Dataset onboarding checklist

We follow a standard flow when onboarding a new dataset.

Create a GH issue and paste the following checklist in the issue specification whenever a request for a new dataset is made. The structure is pre-formatted as a markdown checklist.

Preparation and exploratory analysis

From docs/datapull/all.dataset_onboarding_checklist.reference.md

[ ] Decide on the timeline
E.g., is this a high-priority dataset or a nice-to-have?
[ ] Decide on the course of action
E.g., do we download only historical bulk data and/or also prepare a real-time downloader?
[ ] Review existing code
Is there any downloader that is similar to the new one, in terms of interface, frequency, etc.?
What code already existing can be generalized to accomplish the task at hand?
What needs to be implemented from scratch?
[ ] Create an exploratory notebook that includes:
Description of the data type, if this is the first time downloading a certain data type
Example code to obtain a snippet of historical/real-time data
If we are interested in historical data, e.g.,
- How far in the past we need the data to be?
- How far in the past the data source goes?
[ ] Create example code to obtain data in realtime
Is there any issue with the realtime data?
- E.g., throttling, issues with APIs, unreliability
[ ] Perform initial QA on the data sample, e.g.,
Compute some statistics in terms of missing data, outliers
Does real-time and historical data match at first sight in terms of schema and content

Implement historical downloader

[ ] Decide what's the name of the data set according to dataset_schema conventions
[ ] Implement the code to perform the historical downloader
TODO(Juraj): Add a pointer to examples and docs
[ ] Test the flow to download a snippet of data locally in the test stage
Apply QA to confirm data is being downloaded correctly
[ ] Perform a bulk download for historical datasets
Manually, i.e., via executing a script, if the history is short or the volume of data is low
Via an Airflow DAG if the volume of the data is too large for downloading manually
- E.g., im_v2/airflow/dags/test.download_bulk_data_fargate_example_guide.py

Automated AKA Scheduled downloader

[ ] Setup automatic download of data in pre-production:
Since pre-prod runs with code from the master branch (updated twice a day automatically), make sure to merge any PRs related to the dataset onboarding first
For historical datasets:
- To provide a single S3 location to access the entire dataset, move the bulk history from the test bucket to the pre-prod bucket (source and destination path should be identical)
- Add a daily download Airflow task to get data from a previous day and append it to the existing bulk dataset
For real-time datasets:
- Add a real-time download Airflow task to get data continuously 24/7
[ ] For some real-time datasets, an archival flow needs to be added in order not to overwhelm the storage
Consult with the team leader if it's needed for a particular dataset
Example Airflow DAG is preprod.europe.postgres_data_archival_to_s3.py
[ ] Add an entry into the
Monster dataset matrix
[ ] Once the download is enabled in production, update the Master_raw_data_gallery

Quality Assurance

1. Check for Existing QA DAGs

[ ] Verify if there is already a similar QA DAG running.
[ ] Check for existing QA DAGs (e.g., bid_ask/OHLCV, Cross QA for OHLCV comparing real-time with historical data).
[ ] Action: If the new QA is just a change in the universe or vendor, append a new task to the existing running DAGs. Reference: Link to Relevant Section].

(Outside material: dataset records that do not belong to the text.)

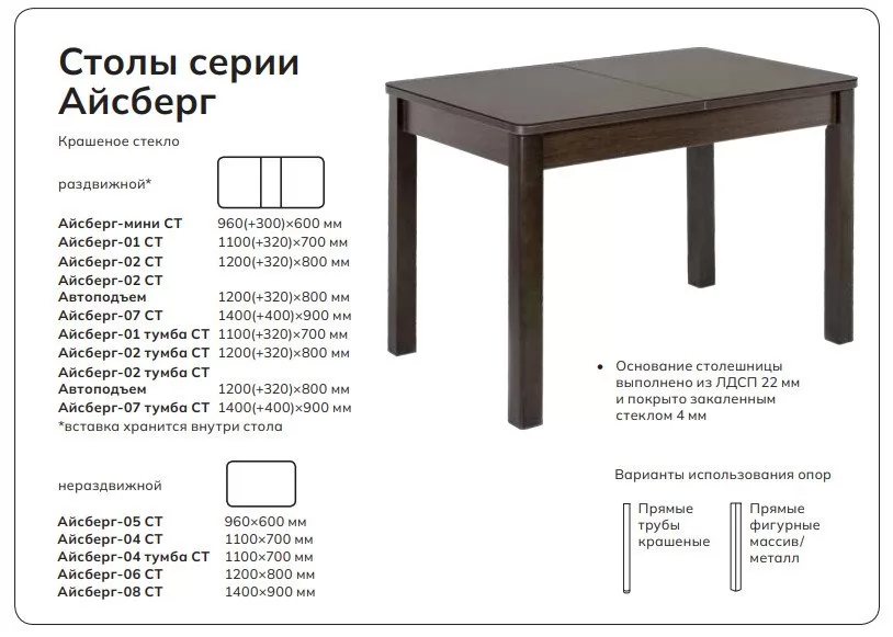 Айсберг-04 СТ. НЕраздвижной прямоугольный стол. Столешница выполнена из ЛДСП 22 мм с закаленным стеклом, торцы столешницы облицованы кромкой ПВХ .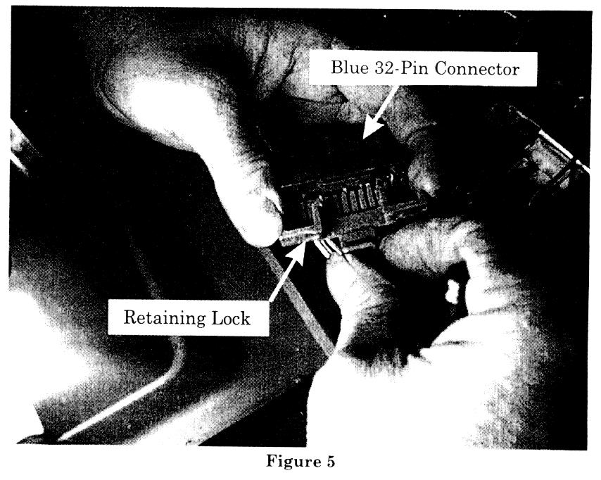 8. Disconnect the blue 32-pin connector from the back of the PCM and remove its grey retaining lock (figure 5). Insert the terminal of the yellow/green wire of the rear defogger extension harness into the vacant connector terminal F9 of the blue 32-pin connector (figure 6). Reinstall the gray retaining lock.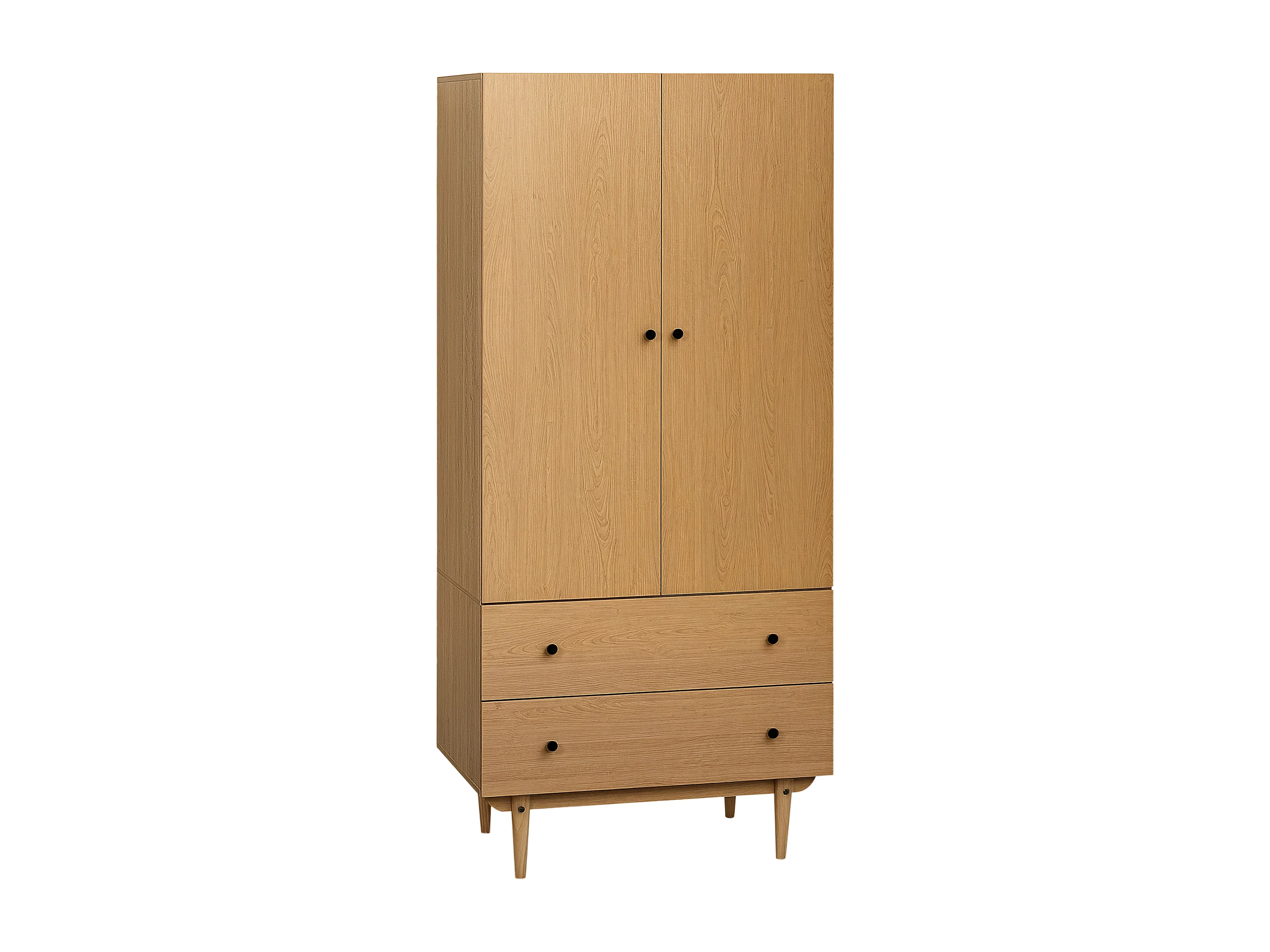 Armoire design scandinave - 2 portes, penderie, 2 tiroirs - piètement bois de pin panneaux aspect bois clair

2. Create a New QA DAG (if necessary)

2.1. Create and Test QA Notebook

[ ] Develop a notebook to test the QA process.
[ ] Test over a small period to ensure it functions as expected.
[ ] Tip: Use a small dataset or limited time frame for quick testing.

2.2. Run QA Notebook via Invoke Command

[ ] Execute the QA notebook using the invoke command to validate functionality.
[ ] Example: Invoke Command Example

2.3. Create a New DAG File

[ ] Create a new DAG file after QA process validation.
[ ] Follow the standard procedure for DAG creation. Reference: DAG Creation Tutorial.

Last review: GP on 2024-04-20